**What you will do**
What is needed is an exact reproduction of the lines in the records below, starting at the line with "For [SSL/TLS Version" and ending at the line with "Більшість громадян України", both included, and nothing else; pictures stay out.

**Information**
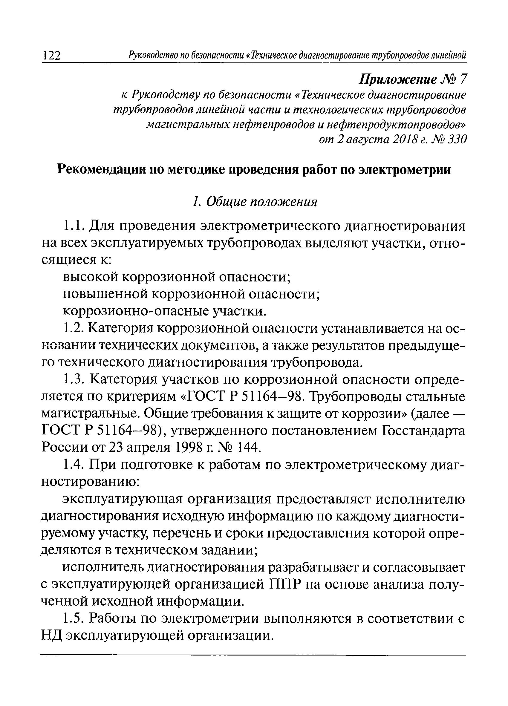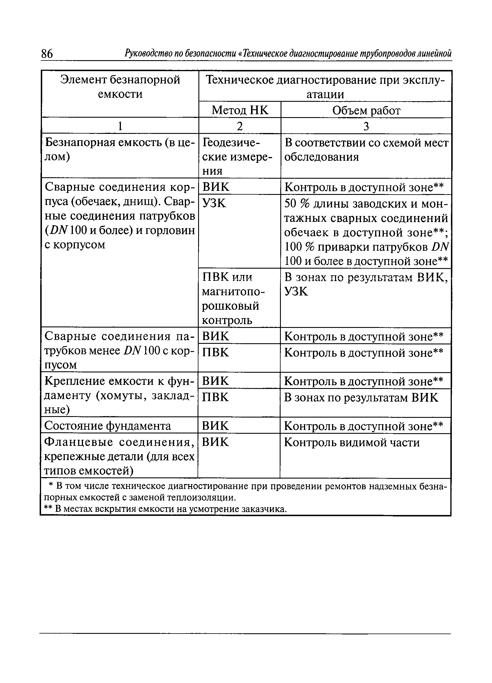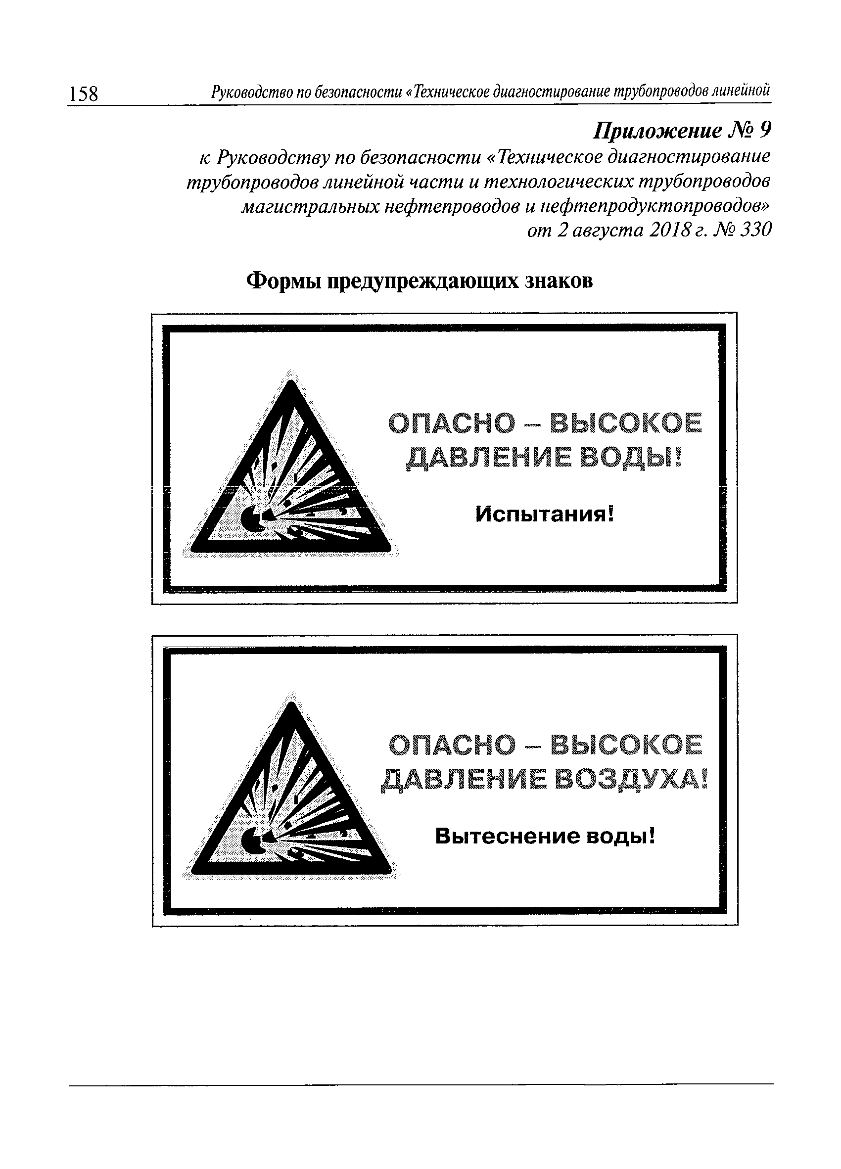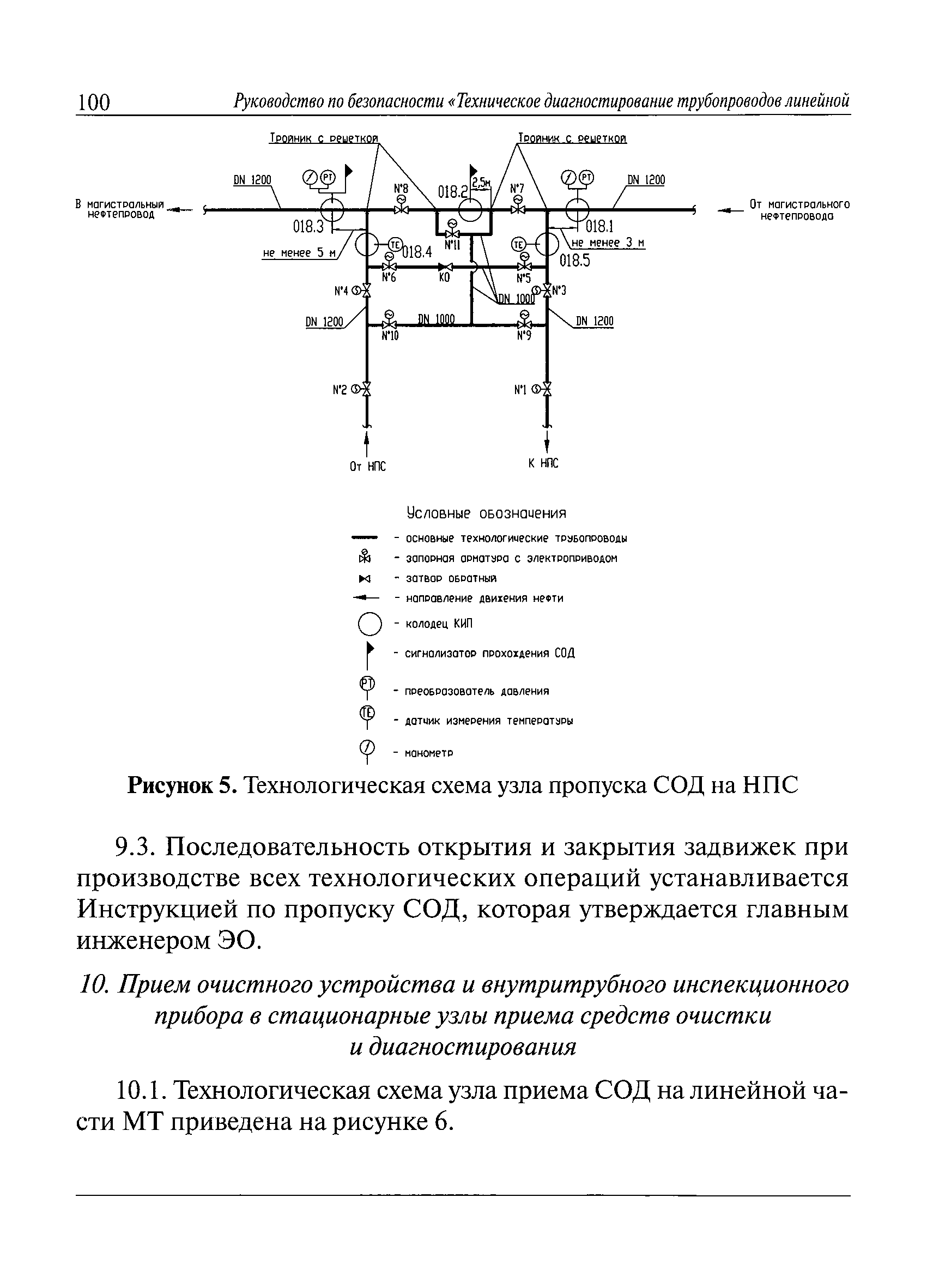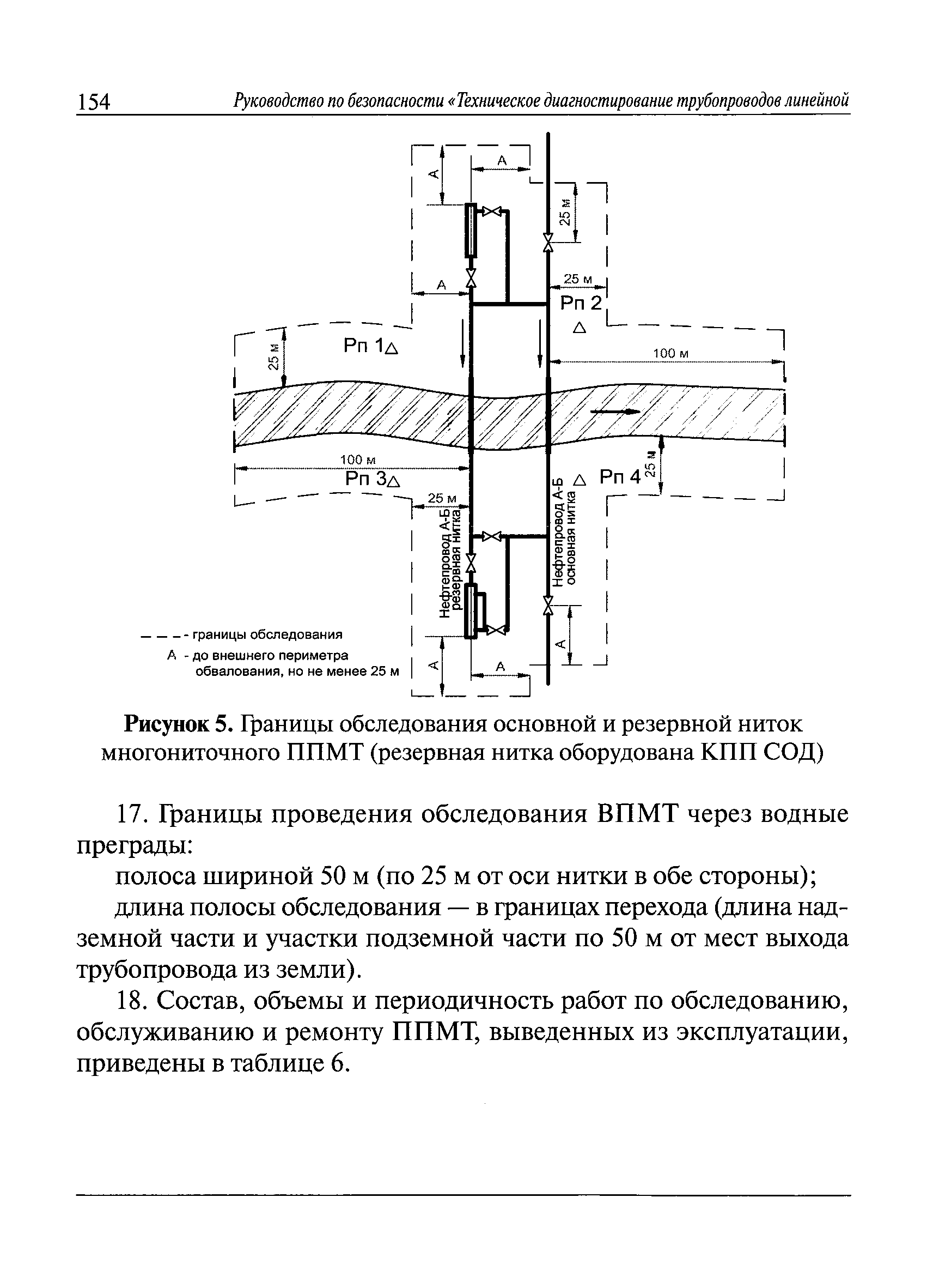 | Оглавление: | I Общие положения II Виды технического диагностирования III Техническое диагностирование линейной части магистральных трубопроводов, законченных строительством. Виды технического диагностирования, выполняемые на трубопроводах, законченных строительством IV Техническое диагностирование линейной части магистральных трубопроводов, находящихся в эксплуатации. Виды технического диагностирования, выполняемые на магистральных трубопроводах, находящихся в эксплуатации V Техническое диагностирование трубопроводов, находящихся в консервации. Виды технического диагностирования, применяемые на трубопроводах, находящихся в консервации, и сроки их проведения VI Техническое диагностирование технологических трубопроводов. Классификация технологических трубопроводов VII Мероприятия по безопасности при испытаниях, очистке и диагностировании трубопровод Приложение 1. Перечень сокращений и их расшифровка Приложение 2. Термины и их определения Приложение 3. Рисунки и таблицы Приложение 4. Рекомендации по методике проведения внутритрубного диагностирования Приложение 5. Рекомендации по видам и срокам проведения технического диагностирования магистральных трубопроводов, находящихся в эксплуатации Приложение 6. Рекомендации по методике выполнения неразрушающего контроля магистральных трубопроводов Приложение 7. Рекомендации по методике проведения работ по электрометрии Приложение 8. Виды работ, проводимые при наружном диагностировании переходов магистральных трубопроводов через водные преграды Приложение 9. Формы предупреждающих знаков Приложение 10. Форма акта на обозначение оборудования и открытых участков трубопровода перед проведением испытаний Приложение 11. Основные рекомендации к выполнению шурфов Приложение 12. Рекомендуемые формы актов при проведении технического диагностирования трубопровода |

* * *

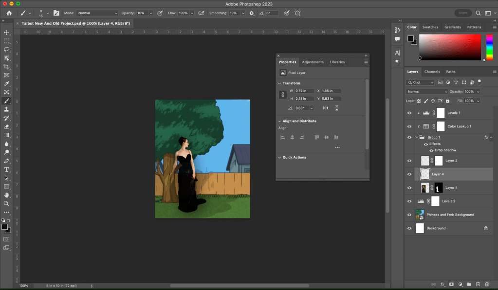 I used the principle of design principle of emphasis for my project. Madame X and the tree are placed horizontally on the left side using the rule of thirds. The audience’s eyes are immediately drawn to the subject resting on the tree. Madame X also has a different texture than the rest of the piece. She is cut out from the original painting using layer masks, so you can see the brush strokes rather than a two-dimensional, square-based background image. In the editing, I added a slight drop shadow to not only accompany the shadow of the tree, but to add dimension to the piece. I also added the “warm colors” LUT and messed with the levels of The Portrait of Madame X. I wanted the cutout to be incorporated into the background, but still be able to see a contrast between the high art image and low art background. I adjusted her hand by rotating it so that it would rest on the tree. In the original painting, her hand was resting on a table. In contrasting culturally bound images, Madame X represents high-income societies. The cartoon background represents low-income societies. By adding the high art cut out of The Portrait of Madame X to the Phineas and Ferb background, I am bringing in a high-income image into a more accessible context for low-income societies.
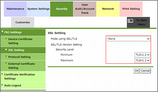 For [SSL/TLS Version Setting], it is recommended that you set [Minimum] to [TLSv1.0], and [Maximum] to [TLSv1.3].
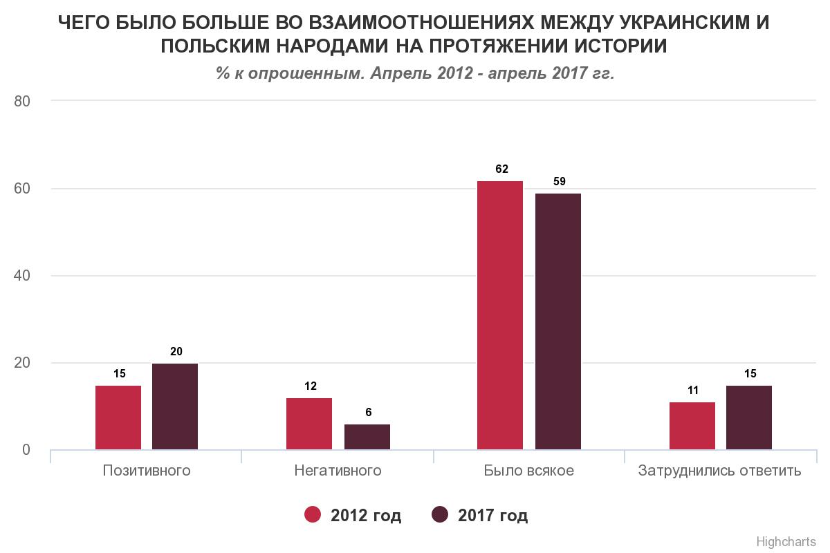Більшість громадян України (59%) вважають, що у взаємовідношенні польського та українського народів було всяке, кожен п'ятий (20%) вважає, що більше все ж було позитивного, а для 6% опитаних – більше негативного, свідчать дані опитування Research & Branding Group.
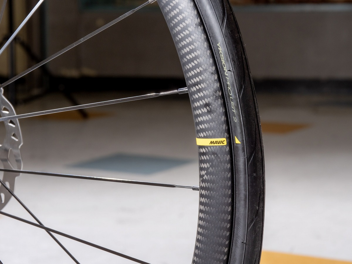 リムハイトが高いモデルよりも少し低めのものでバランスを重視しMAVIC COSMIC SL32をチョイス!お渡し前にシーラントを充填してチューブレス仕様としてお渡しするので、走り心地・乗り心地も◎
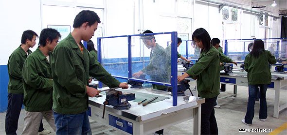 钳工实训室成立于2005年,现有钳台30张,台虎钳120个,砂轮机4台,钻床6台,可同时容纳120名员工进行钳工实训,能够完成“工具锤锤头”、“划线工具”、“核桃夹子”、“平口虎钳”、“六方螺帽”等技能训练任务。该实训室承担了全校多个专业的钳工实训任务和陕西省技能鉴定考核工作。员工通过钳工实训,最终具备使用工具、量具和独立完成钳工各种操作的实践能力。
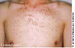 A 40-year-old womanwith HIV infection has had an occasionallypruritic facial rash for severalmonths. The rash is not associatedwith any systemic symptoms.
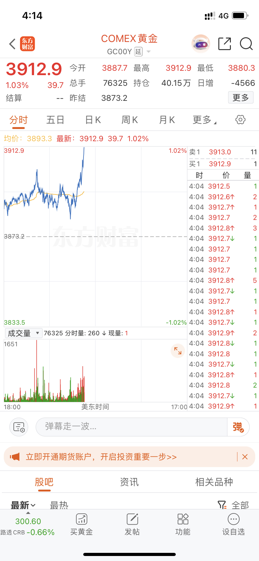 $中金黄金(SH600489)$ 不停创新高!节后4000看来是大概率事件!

**Answer to the exercise**
 For [SSL/TLS Version Setting], it is recommended that you set [Minimum] to [TLSv1.0], and [Maximum] to [TLSv1.3].
Більшість громадян України (59%) вважають, що у взаємовідношенні польського та українського народів було всяке, кожен п'ятий (20%) вважає, що більше все ж було позитивного, а для 6% опитаних – більше негативного, свідчать дані опитування Research & Branding Group.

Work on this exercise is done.